Verschillen tussen koningin en werkmier

Mieren hebben een van de meest complexe samenlevingen die tegenwoordig bestaan, ze gebruiken een kastensysteem waardoor ze efficiënt kunnen werken. Dankzij dit, terwijl sommigen verantwoordelijk zijn voor het verkrijgen van voedsel of het beschermen van het nest, zorgen anderen voor de koningin en breiden ze de galerijen uit. Samenwerking tussen elk individu in de kolonie is essentieel om te overleven.

Deze samenleving wordt geregeerd door een mierenkoningin, die alle arbeiders voortbrengt die gewoonlijk duidelijke fysieke verschillen tussen hen hebben. In feite worden beide geboren uit bevruchte eieren, maar sommigen worden matriarchen en anderen zijn slechts de "dienaren" die het nest verzorgen.Blijf deze ruimte lezen en ontdek wat de leden van de mierenhoop zo verschillend maakt.

Wat zijn de kenmerken van elke kaste?

Er zijn minstens 4 verschillende kasten binnen de mierenhoop, hoewel dit aantal kan toenemen afhankelijk van de soort in kwestie. Ze zijn allemaal geproduceerd door de matriarch van de kolonie (koningin) en vertonen verschillende verschillen tussen hen. Enkele kenmerken van elk van de intrakoloniale groepen zijn de volgende:

  1. Werknemers: het zijn onvruchtbare vrouwtjes die worden geboren uit bevruchte eieren. Ze presenteren verschillende maten volgens het betrokken ontwikkelingsproces. Over het algemeen heeft hun lichaam een betere stijfheid dan die van andere kasten omdat ze veel weerstand nodig hebben om hun taken uit te voeren. Ze verzorgen de eieren, voeren de koningin, breiden het nest uit en gaan op jacht.
  2. Queens (gevleugeld of ongevleugeld): vruchtbare vrouwtjes die uitkomen uit bevruchte eieren. Ze komen alleen voor tijdens de paartijd. Ze zijn de grootste individuen in het nest, omdat hun lichaam is aangepast om constant eieren te leggen.
  3. Soldaten: onvruchtbare vrouwtjes die uitkomen uit bevruchte eieren. Ze lijken erg op de arbeiders, maar met een grotere lichaamslengte. Sommige soorten hebben langwerpige kaken die worden gebruikt om te reageren op agressie. Je belangrijkste taak is om de kolonie te verdedigen tegen indringers.
  4. Mannen (gevleugeld of ongevleugeld): komen uit onbevruchte eieren. Ze hebben de helft van de normale genetische belasting (haploïde) en hun afmetingen zijn iets kleiner dan die van de arbeiders in het algemeen. De enige functie die ze hebben is paren met de maagdelijke koninginnen zodat ze nieuwe nesten kunnen stichten. Ze sterven echter kort nadat ze hun doel hebben bereikt.

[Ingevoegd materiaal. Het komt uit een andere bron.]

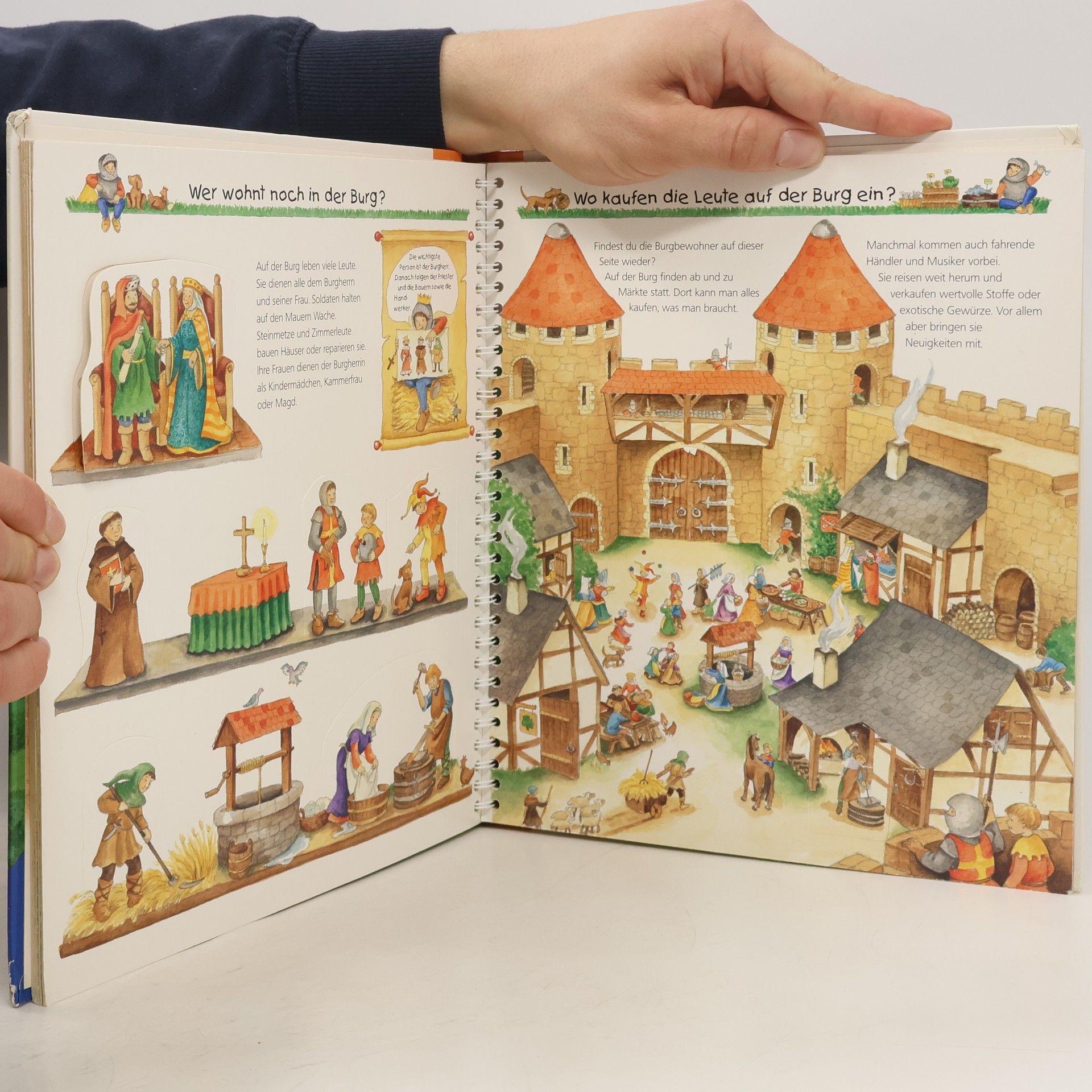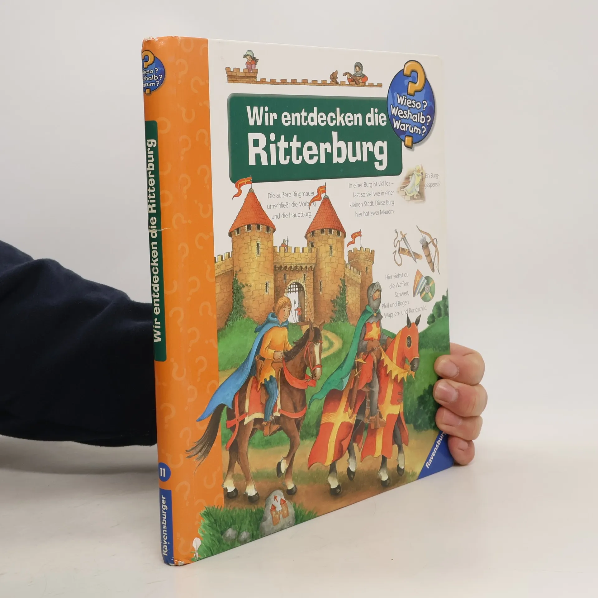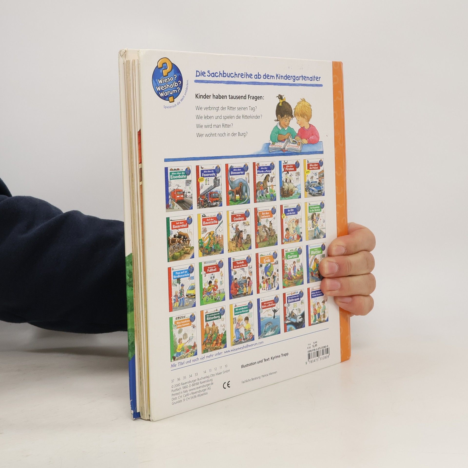 Willkommen auf der Ritterburg! Von der Spitze des höchsten Turms bis zum Verlies gibt es hier jede Menge zu entdecken: Wer lebte auf der Burg? Wie trainierten Knappe und Ritter Reiten und Schwertkampf? Was spielten Kinder im Mittelalter? Mithilfe von Klappen ziehen Kinder dem Ritter seine Rüstung an, lassen ihm beim Turnier antreten oder verteidigen die Burg gegen eine Belagerung. So wird Geschichte Kindern lebendig vermittelt. Wieso? Weshalb? Warum? Die Sachbuchreihe für Kinder von 4–7 Jahren Jeden Tag entdecken Kinder etwas Neues – da kommen viele Fragen auf. Warum sind die Dinosaurier ausgestorben? Wo ist die Sonne in der Nacht? Wozu brauchen wir das Blut? Die beliebte Sachbuchreihe Wieso? Weshalb? Warum? gibt Kindern Antworten auf Augenhöhe. Dabei werden die unterschiedlichsten Themen aus der Alltags- und Interessenswelt der Kinder altersgerecht und mit viel Liebe zum Detail unter die Lupe genommen. Detailreiche Bilder, verständliche Sachtexte und überraschende Klappen, die Bewegungen oder Abläufe veranschaulichen und hinter die Dinge blicken lassen, ermöglichen Kindern, sich ihre Themen selbst zu erschließen. Der Spaß am eigenhändigen Entdecken, die liebevolle Umsetzung und die qualitativ hochwertige Ausstattung garantieren langanhaltende Freude an jedem einzelnen Buch.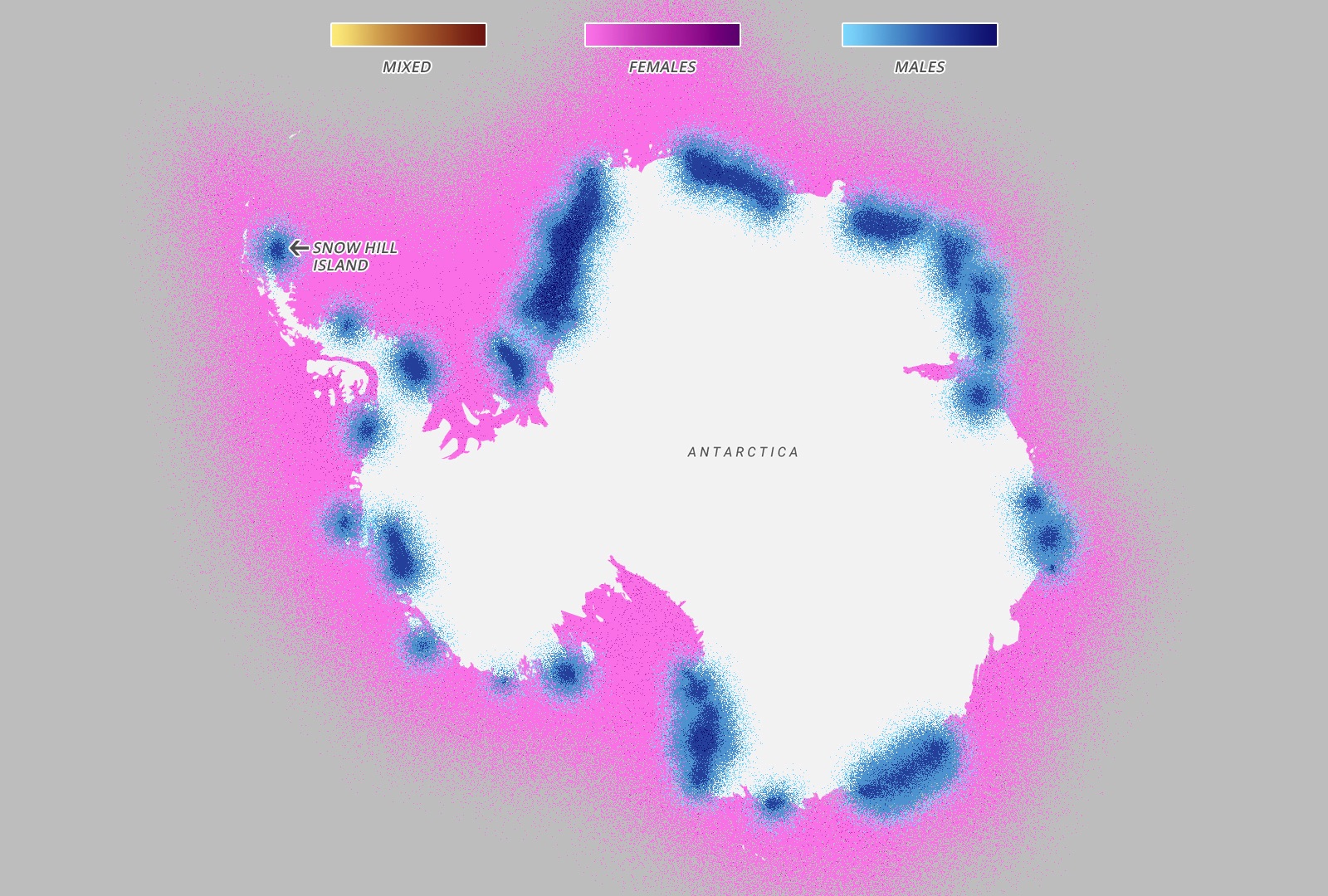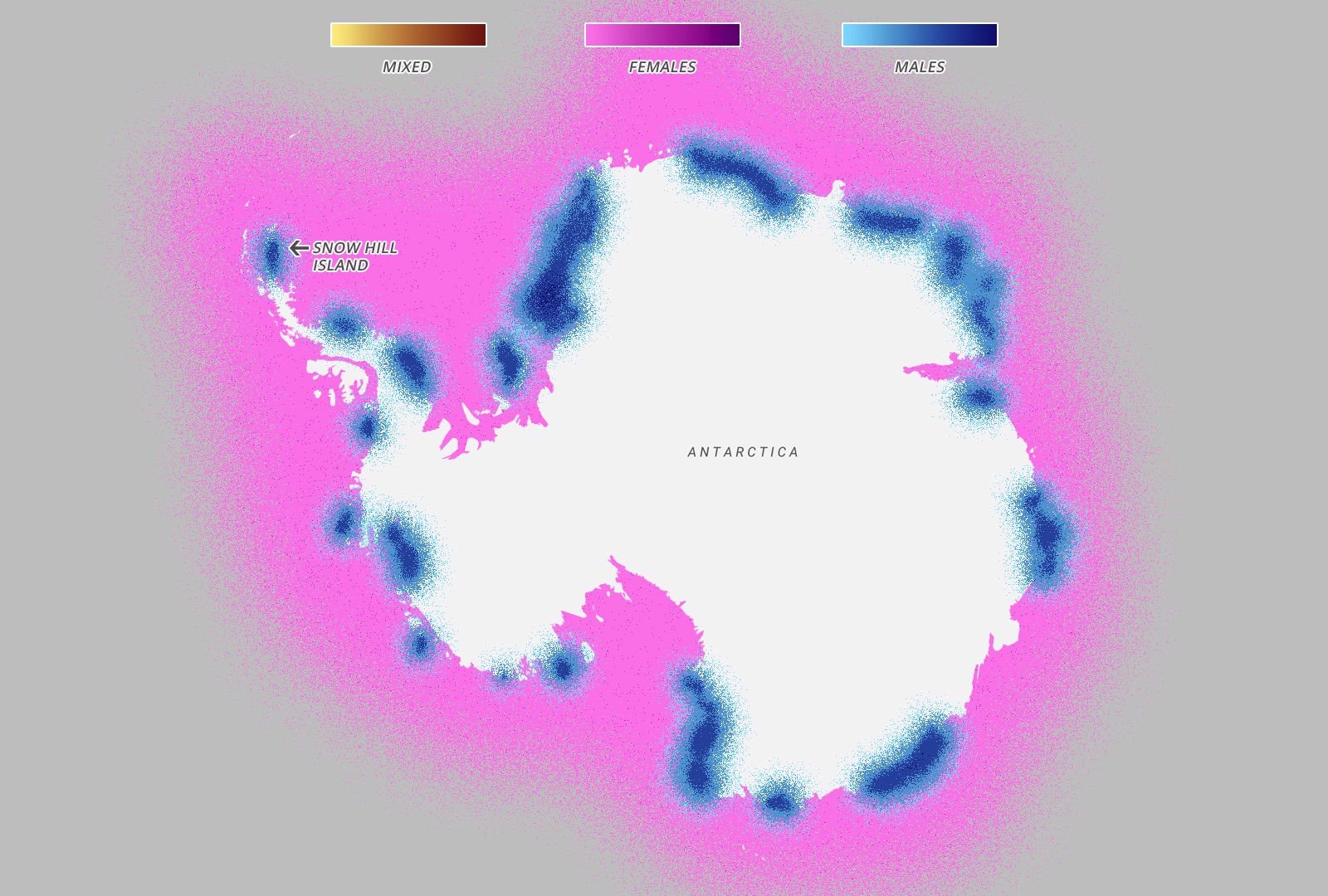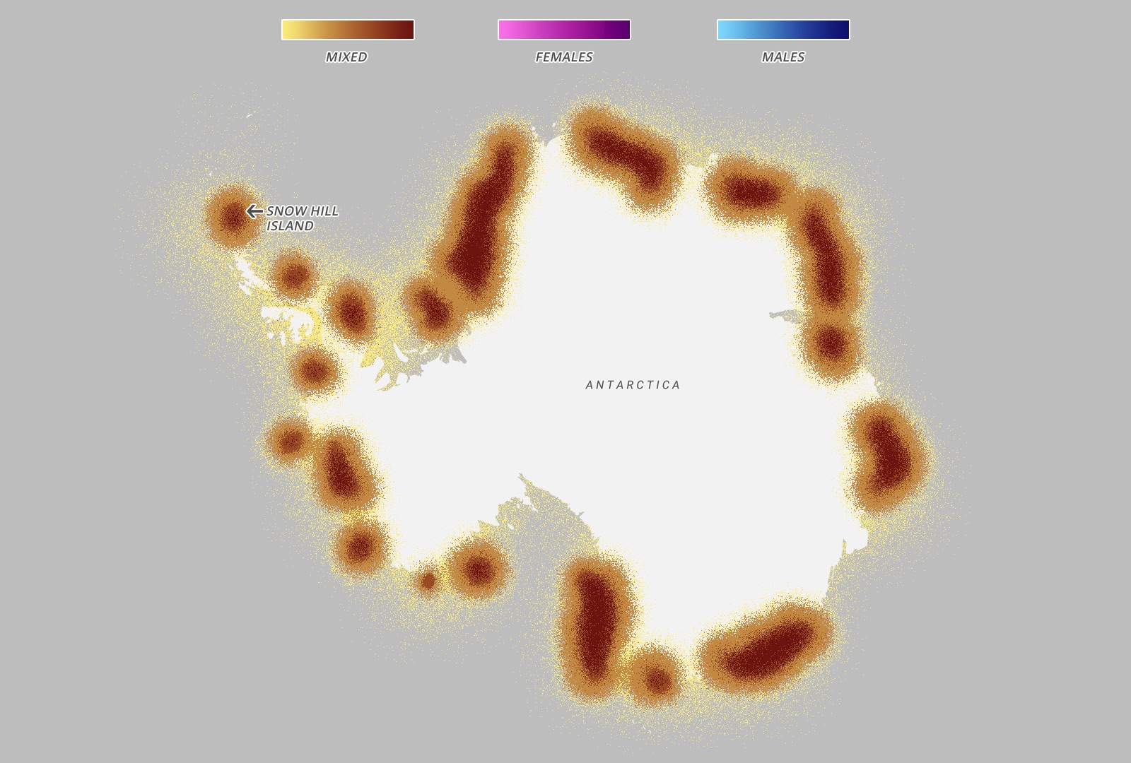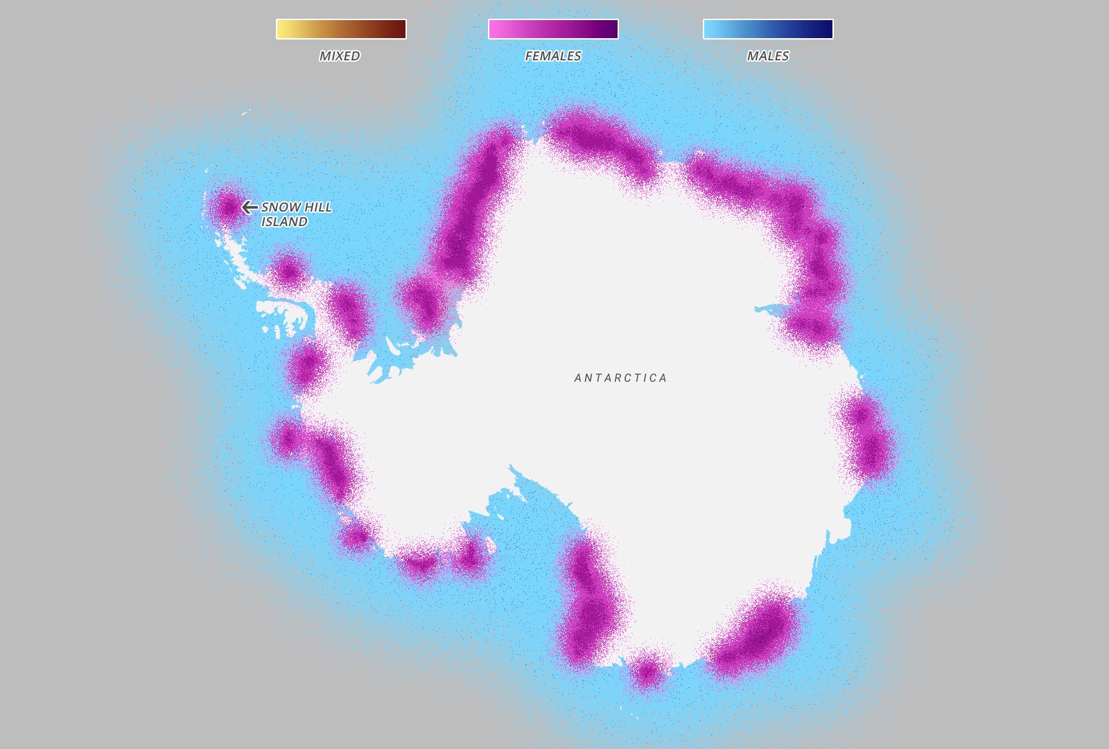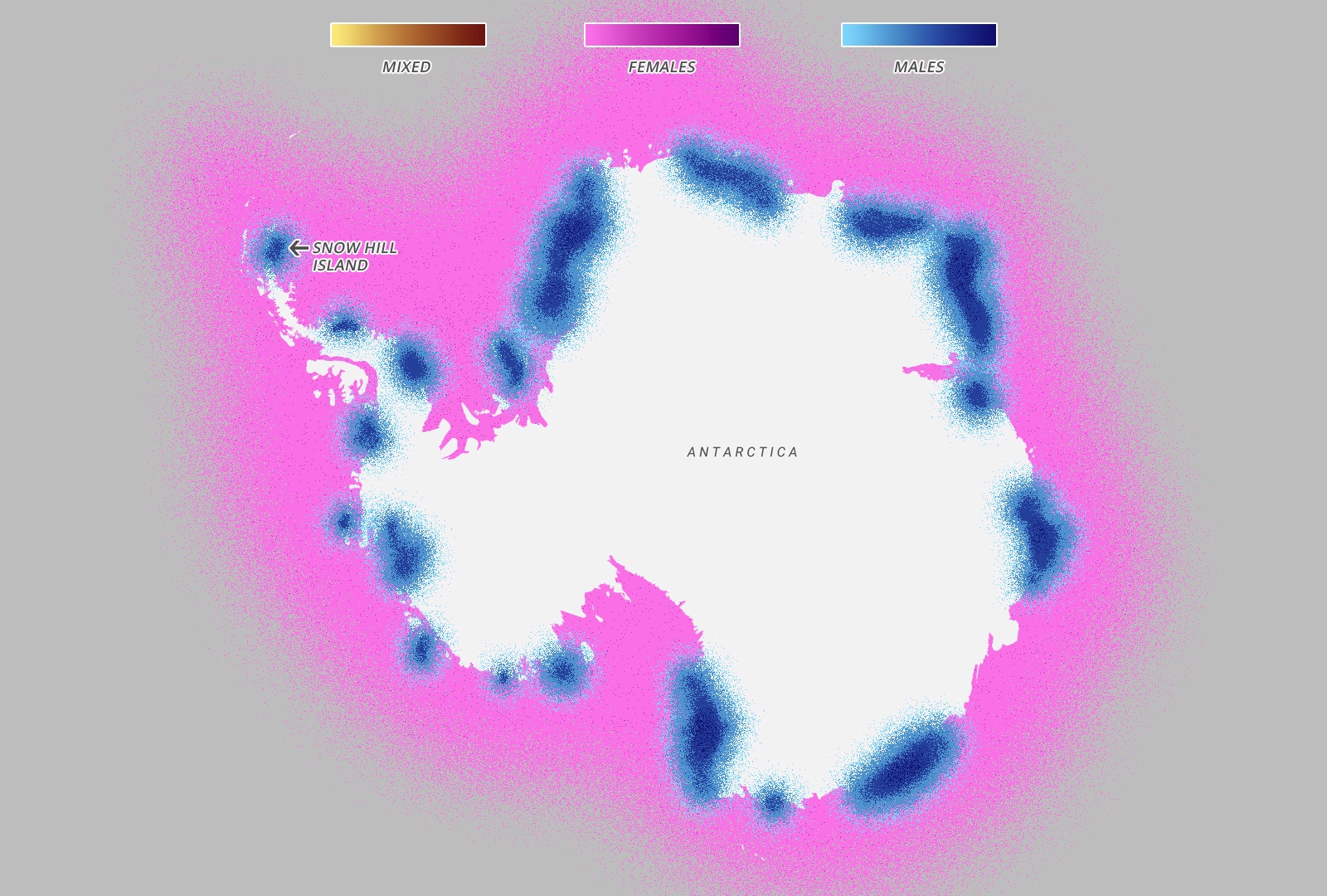 Every year in March, the emperor penguins migrate from the coast of Antarctica to colonies all over Antarctica – notably Snow Hill – 100 miles away across the thick sea ice. The entire colony will travel at the same time throughout the month of March, although every year the exact path changes as the ice shifts and places new obstacles in the way of the penguins. Once they arrive, the females lay an egg and pass it onto their males, who then take care of it for four months while the females are feeding in the sea. When the eggs hatch in August, the females return while the males feed in the sea and over the next few months the parents take turn travelling to the sea and feeding the chick. The chicks will then live by the ocean for the first four years of their lives, before migrating like their parents in their fifth year.

Het belangrijkste verschil tussen mannetjes en alle vrouwtjes is hun genetische belasting. Koninginnen gebruiken deze strategie vanwege hun manier van voortplanten, aangezien de meeste soorten maar één keer in hun leven paren. Om deze reden houden ze het sperma in hun lichaam en doseren ze het om hun eieren te bevruchten, hoewel ze grote hoeveelheden besparen door mannetjes te produceren uit onvruchtbare eieren.

Waarom zijn er verschillen tussen soldaten en arbeiders?

Op het eerste gezicht zou je kunnen zeggen dat soldaatmieren nog een classificatie zijn binnen de arbeiderskaste. Het lijkt er echter op dat dit niet zo eenvoudig is als vroeger werd aangenomen. Volgens een artikel gepubliceerd in het Specialized Journal of Chemical-Biological Sciences speelt de grootte van individuen ook een belangrijke rol bij de taakverdeling.

Het verschil in grootte tussen elke kaste van mieren staat bekend als polymorfisme, waarvan wordt gedacht dat het een van de vele aanpassingen van mierenvogels is. In feite is dit mechanisme geprogrammeerd in de genen van de soort om individuen te creëren met kenmerken die geschikt zijn voor elke taak.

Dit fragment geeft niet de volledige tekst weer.